Beginner-Intermediate Rust Error Handling

This article assumes you've read most of the The Rust Programming Language book.


There are mainly two styles of error handling you'll need using Rust, or for that matter, most languages:

  • Application level error handling, where you don't care as much about handling errors than propagating them.
  • Library level error handling, where it's imperative that you have neat errors that you can return.

The rest of the article is written with the second perspective. What follows is not definitive practice - I'd actually instead recommend anyhow for the first need, and thiserror for a less-opinionated library for the second need, along with snafu for a more opinionated version.

What follows is more of an evolution of practices than anything else.


Let's take the example of a command-line app we're developing. Any good command-line app needs a configuration file to toggle behavior.
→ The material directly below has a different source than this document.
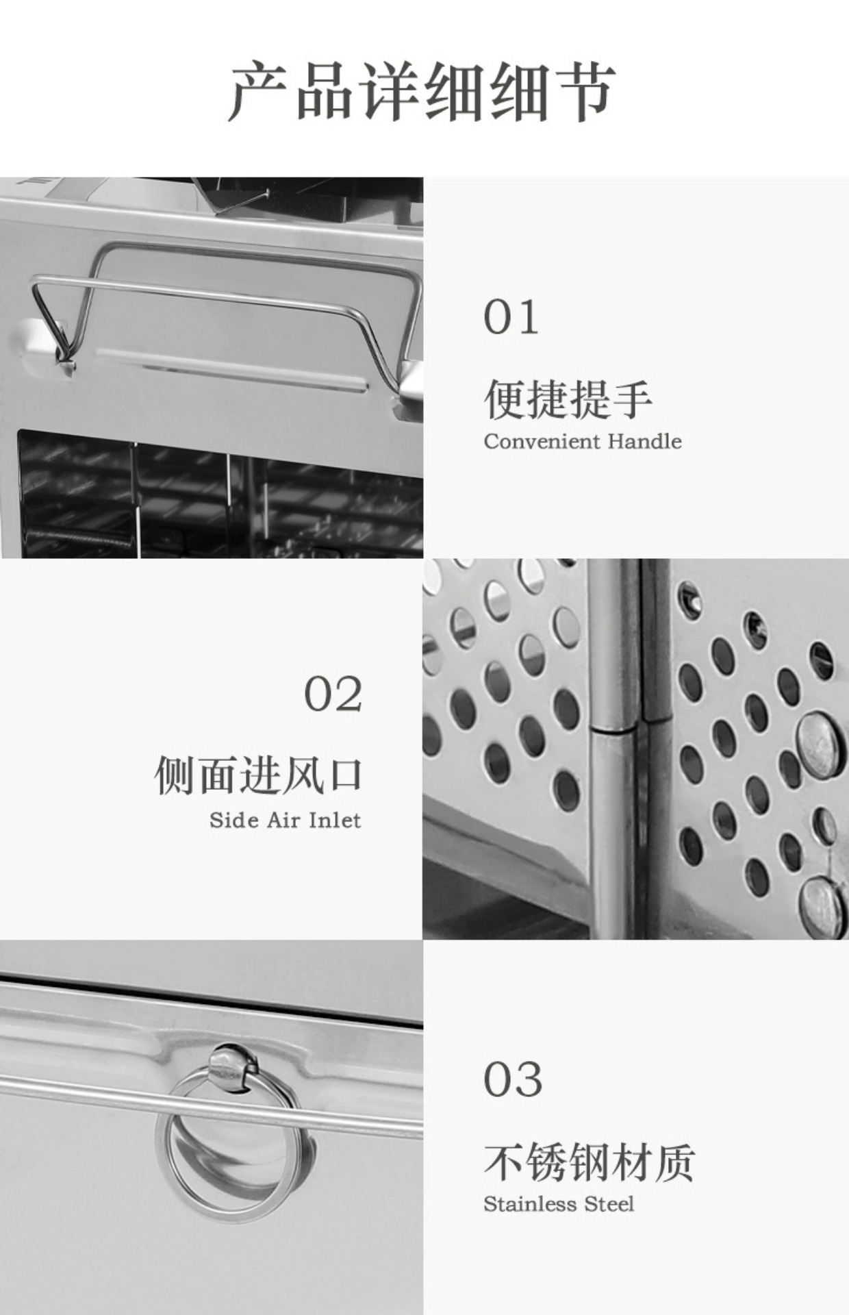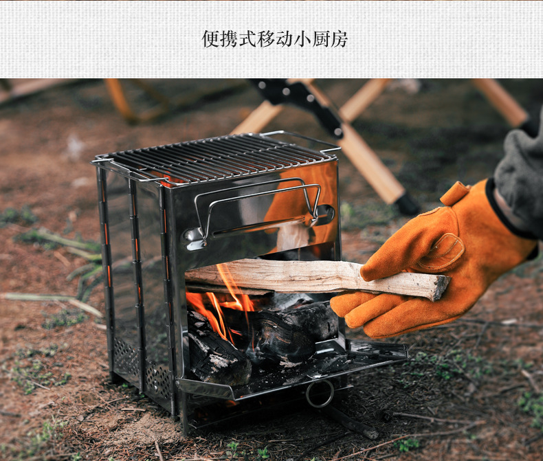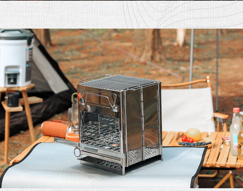 두꺼운 스테인레스 스틸 바베큐 그릴 야외 접이식 화덕 BBQ 장작 스토브 캠핑 난방 스토브 숯불 바베큐 스토브 w
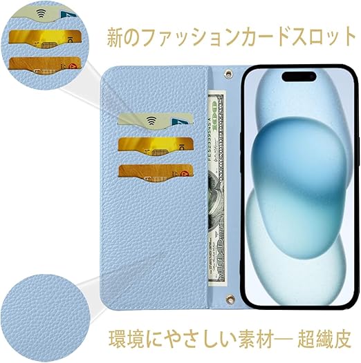 NanHou iPhone 15 ケース 手帳型 超繊皮 RFIDト 財布型 カバー 手帳型 耐衝撃 保護カバー 内蔵マグネット携帯カバー カードポケット スタンド機能 リストバンド iPhone15 - ライトブルー a

Let's write some code for that.

pub mod config;

pub struct Config {
    pub name: String,

To write a function that returns Config, we'll have to:

  1. Open the file that's passed to us (take a std::fs::Path) and read it (with the std::fs::File struct).

  2. Parse the file as JSON and deserialize into Config. (We'll use the excellent serde and serde_json libraries)

To use serde and serde_json, we'll add them to our dependencies.


serde = { version = "1.0.137", features = ["derive"] }
serde_json = "1.0.81"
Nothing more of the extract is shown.